Факт – некоторые из нас более привлекательны, чем другие. Мы можем притворяться, что все в глазах смотрящего, что привлекательность – это полная тайна, что нет общего мнения о том, кто привлекателен, что все одинаково привлекательны для кого-то, что мы все можем рассчитывать на три криптонит в карманах привлекательных людей. Ничто из этого не сработает.
Вы можете спросить, зачем это нужно? Я имею в виду, если мы верим в меритократию, что не так с привлекательными людьми, которые наслаждаются и используют преимущество?

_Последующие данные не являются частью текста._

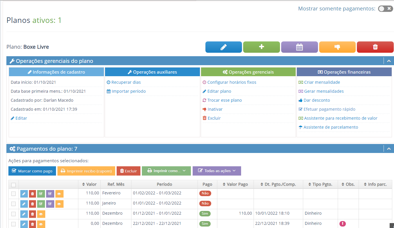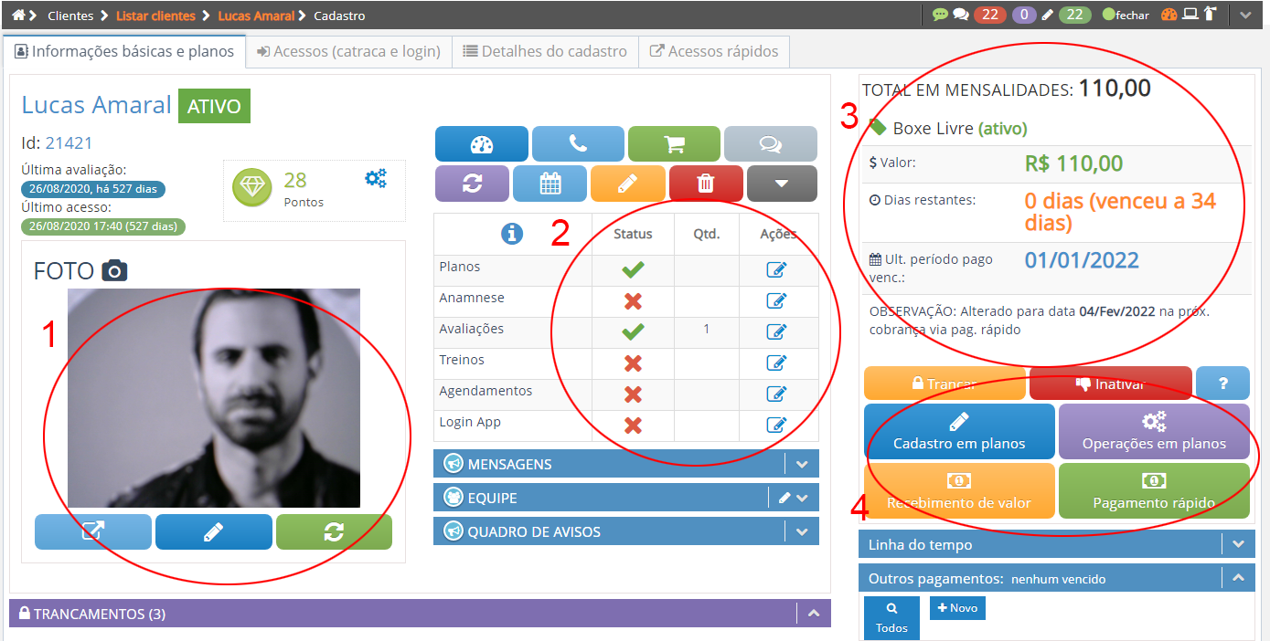 3 - Área de informação do plano ativo e do pagamento atual

У меня есть ответ на этот вопрос. Различие между меритократией и фанатизмом заключается в том, является ли признанный признак хорошей мерой для того, что имеет прагматическую заслугу. Выбирая партнера, с которым нужно создавать семью, с кем нужно вкладывать свои жизненные усилия, с кем говорить, вести переговоры и разбираться, форма приклада или мерцания в глазу не должна быть решающим фактором, который был для меня и для многих других, которых я знаю. Я был в партнерстве, с которым я никогда бы не согласился, если бы не мой взгляд.
И прежде чем вы скажете: «Я мог бы сказать вам это», или если вы говорите женщине: «Да, вы, мужчины, такие жалкие мелочи», пожалуйста, проверьте, нет ли у вас слишком неуместного предрассудка. Многие из нас притворяются, что мы этого не делаем, но делаем.
Нет, подождите. Это мое признание; не ваш. Я буду придерживаться своего неудобного момента: я выгляжу фанатиком.